Factors and Agents. Purified recombinant human TPO and rabbit neutralizing anti-human TPO polyclonal antibody were prepared by the TPO Production Group (Kirin Brewery Co., Ltd, Takasaki, Japan) (Kato et al., 1995; Tahara et al., 1998). Recombinant human EPO + recombinant murine IL-3 and recombinant murine KL were provided by the Kirin Brewery Co., Ltd. (Tokyo, Japan). Calphostin C (Kobayashi et al., 1989) and bisindolylmaleimide GF 109203X (Tollec et al., 1991; Wilkinson et al., 1993), selective inhibitors of PKC, were obtained from Kyowa Medics Co. (Tokyo, Japan) and Wako Junyaku Co. (Tokyo, Japan), respectively. PKC-epsilon translocation inhibitor peptide and its negative control (Mayne and Murray, 1998) were purchased from Calbiochem (San Diego, CA). The inhibitor peptide consists of octapeptide derived from the receptor for the activated C kinase binding site (V1 region) of PKC-epsilon and has been reported to specifically block translocation of PKC-epsilon . Its negative control consists of a scrambled peptide with an identical amino acid composition to the PKC-epsilon translocation inhibitor peptide. Lin- cells were incubated in 300 µl of medium containing 75 µg of inhibitor peptide for 2 h at room temperature without cell permeabilization step with saponin or other detergents to avoid toxicity (Bassini et al., 1999). Although the inhibitor peptide used here was obtained through amplification by polymerase chain reaction of rat cDNA library, it is also available in mouse and human cells (Mayne and Murray, 1998; Bassini et al., 1999). Cycloheximide was purchased from Sigma (St. Louis, MO) and was used at 50 µg/ml (Wang et al., 1999).
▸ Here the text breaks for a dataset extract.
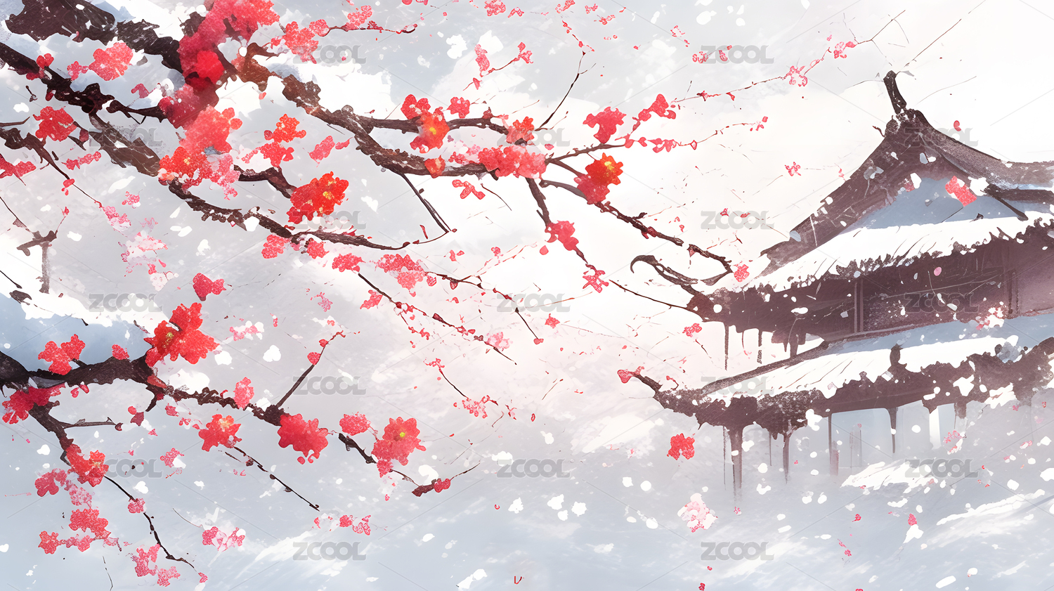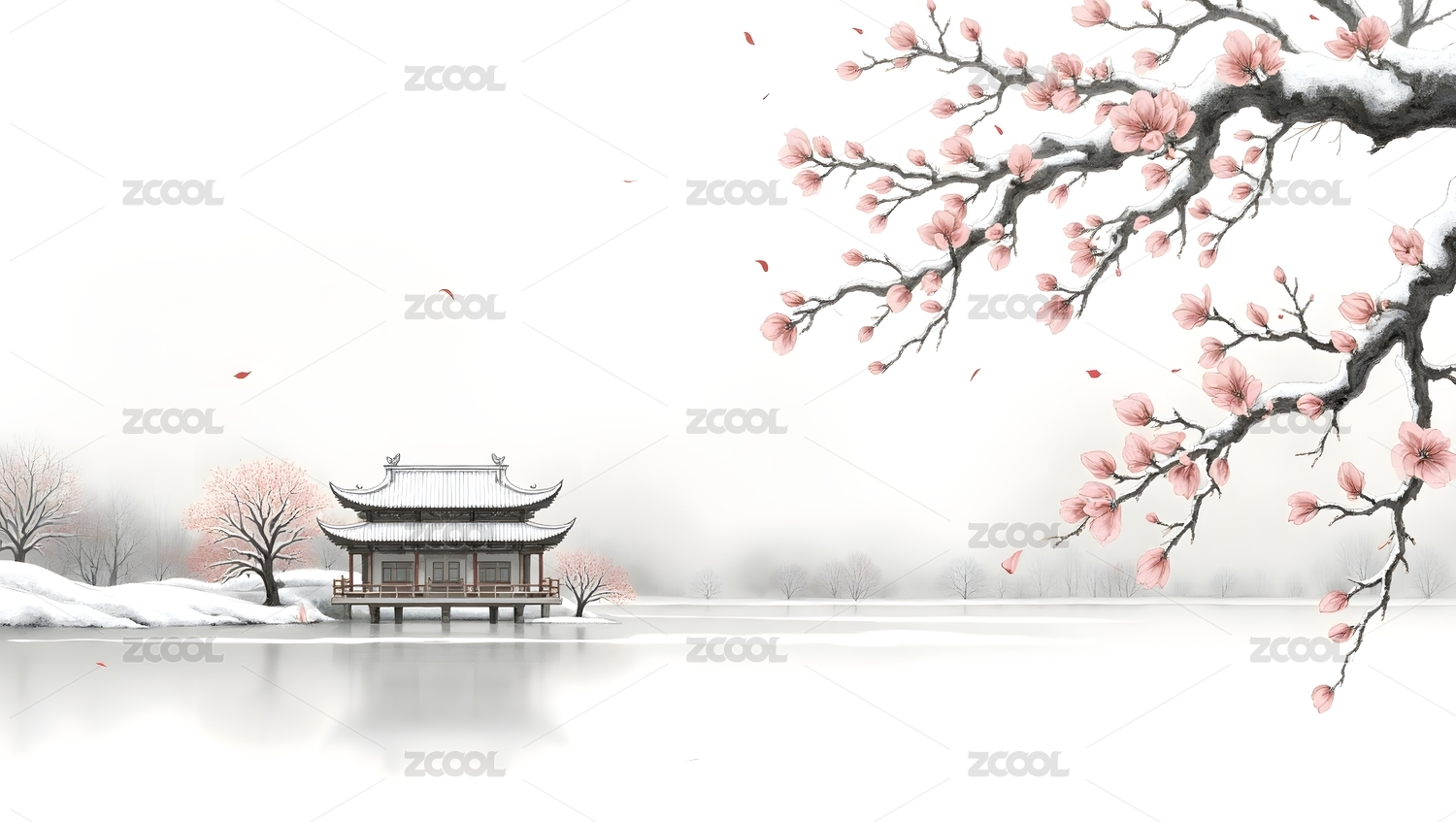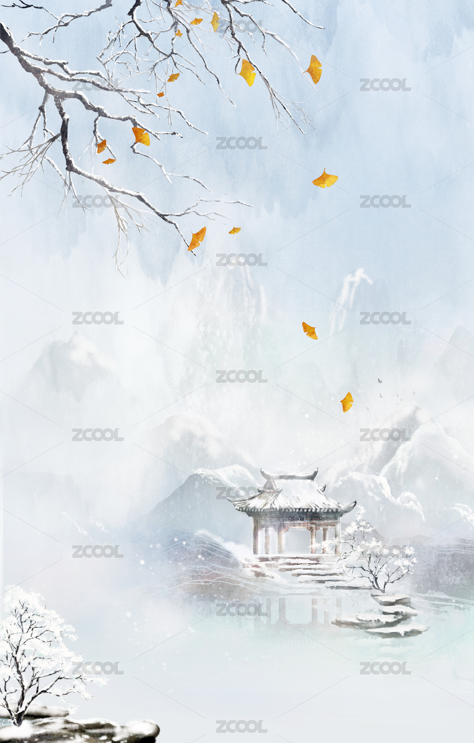 中国画,中国文化,风景,插画,二十四节气,户外,背景,水墨画,自然,冬天

Clonal Cell Culture. Methylcellulose cell culture was performed in 35-mm Lux suspension culture dishes (No. 5221R; Nunc, Inc., Naperville, IL) as described previously (Musashi et al., 1997). Each milliliter of culture contained 5 × 104 Day-2 post 5-FU marrow cells, 2000 Lin- cells, or 400 Lin- Sca-1+ cells, alpha -medium (Flow Laboratories, Inc., Rockville, MD), 1.2% methylcellulose (Wako Junyaku Co), 30% fetal bovine serum (Hyclone Laboratories, Logan, UT), 1% fraction V bovine serum albumin (BSA; Sigma), 2 U/ml recombinant human EPO, cytokines, and agents. Inhibitors were added to the cell suspensions at least 60 min before the addition of TPO. After incubation with TPO alone or in combination with inhibitors, cells were cultured in the presence of IL-3 and EPO after being washed twice. Dishes were incubated in a humidified atmosphere flushed with 5% CO2 at 37°C. Colonies consisting of 50 or more cells were counted on specific days under an inverted microscope according to colony type, as indicated in the tables.
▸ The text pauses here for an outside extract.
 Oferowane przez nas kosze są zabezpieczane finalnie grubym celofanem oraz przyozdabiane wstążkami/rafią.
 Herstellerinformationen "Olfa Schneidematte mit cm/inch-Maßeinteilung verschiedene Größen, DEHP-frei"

In the serum-attenuated culture, fetal bovine serum and fraction V BSA were replaced with a combination of 1% deionized crystallized BSA (Sigma), 600 µg/ml fully iron-saturated transferrin (Sigma), 10 µg/ml lecithin (Sigma), and 6 µg/ml cholesterol. Unless otherwise stated, data represent mean ± S.D. from quadruplicated dishes.

Serial Observation of Colony Formation from Progenitors. A total of 5 × 104 Day-2 post 5-FU marrow cells were placed in plastic dishes of serum- and EPO- and IL-3-containing culture with or without TPO. The location and proliferation of emerging blast cell colonies were recorded daily as described previously (Musashi et al., 1997). Kinetic properties were calculated only for those colonies that later showed GEMM lineages. Cell doubling time, and the average number of days required for the colonies to reach 100 cells, were estimated by connecting the endpoints of their growth curves.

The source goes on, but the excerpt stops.